Алексей Макушинский - У пирамиды
Таков этот персонаж и его судьба; по-настоящему зримым он, как и большинство персонажей у Гроссмана, по-моему, не становится; «эффекта присутствия» не возникает. Остаются его мысли, для романа в целом очень важные, значительные, как мне кажется, и сами по себе, мысли, которые он высказывает в разговоре с Мостовским — и развивает затем в небольшом сочинении, каковое он передает Мостовскому непосредственно перед отправкой последнего в изолятор. Мостовской же читает эти «листки» сразу после разговора с комендантом лагеря Лиссом — одна из ключевых сцен всего романа, — разговора, в котором Лисс настаивает на сходстве и соприродности двух, воюющих друг с другом, тоталитарных систем; сочинение Иконникова, которое он тоже успел прочесть (он знает русский язык), вызывает у Лисса лишь презрение, причем он совершенно ясно осознает принципиальную враждебность обеих тоталитарных идеологий высказанным в этом сочинении мыслям («У вас и у нас одна гадливость к тому, что здесь написано. Вы и мы стоим вместе, а по другую сторону вот эта дрянь!», говорит он, указывая на бумаги Иконникова — стр. 324). С тезисом о соприродности коммунизма и национал-социализма Мостовской, конечно, не соглашается (подавляя при этом свои собственные сомнения); однако бумаги Иконникова вызывают у него практически такую же реакцию, что и у оберштурмбанфюрера СС Лисса (что, разумеется, лишний раз подкрепляет вышеуказанный тезис). Интересно, что только эти комментарии тоталитарных идеологов сочинение Иконникова в самом романе и получает; от собственного комментария Гроссман воздерживается — позиция, очевидным образом противопоставляемая им тоталитарному идеологическому безумию, говорит сама за себя и держится сама собой, ни на что больше не опираясь.

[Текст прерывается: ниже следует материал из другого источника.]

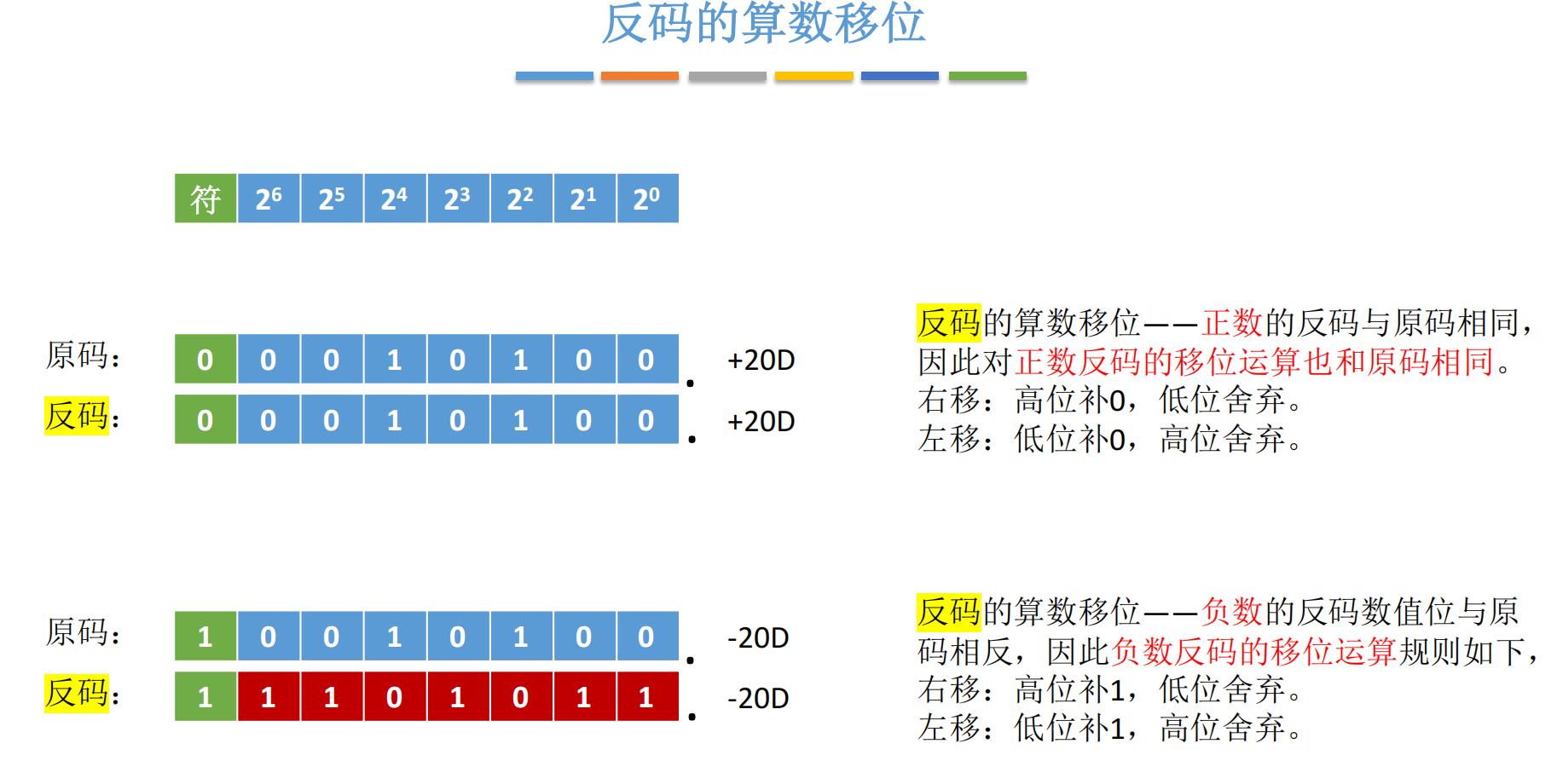 2.2 反码的算术移位:负数全补 1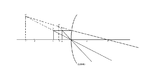 由图可知,当物体处于2F一F之间时,所成的像有放大作用,且越是靠近F点其放大倍率越高。例:如图AB和CD是同样大小的物体在经凸透镜成像后,分别成像是A’B’和C’D’。由于CD更靠近F点,所以像C’D’>A’B’但事实上操作起来,由于物体须在2F一F之间,所以距离放大镜较远。且所成的像为倒立的,要用附加设备才能使之正立,不容易直接视像,但通过光屏能接受到,我们称其为实象。所以手持放大镜不采用此种放大原理。

В «трактате» ставится все тот же вопрос о природе «добра», вопрос, утверждает Иконников, о котором задумываются все люди, не только философы и проповедники, потому что «приходит пора страшного суда» (стр. 328). Первое, что отмечает Иконников, это сужение понятия добрав ходе человеческой истории. Если, скажем, буддизм распространял понятие добра на все живое, то уже христианство ограничивает его только человеком; добро первых христиан, «добро всех людей» сменяется добром «для одних лишь христиан», существующим, «живущим» рядом с добром для мусульман и добром иудеев; добро христиан распадается, в свою очередь, на добро католиков, протестантов, добро православия И т. д.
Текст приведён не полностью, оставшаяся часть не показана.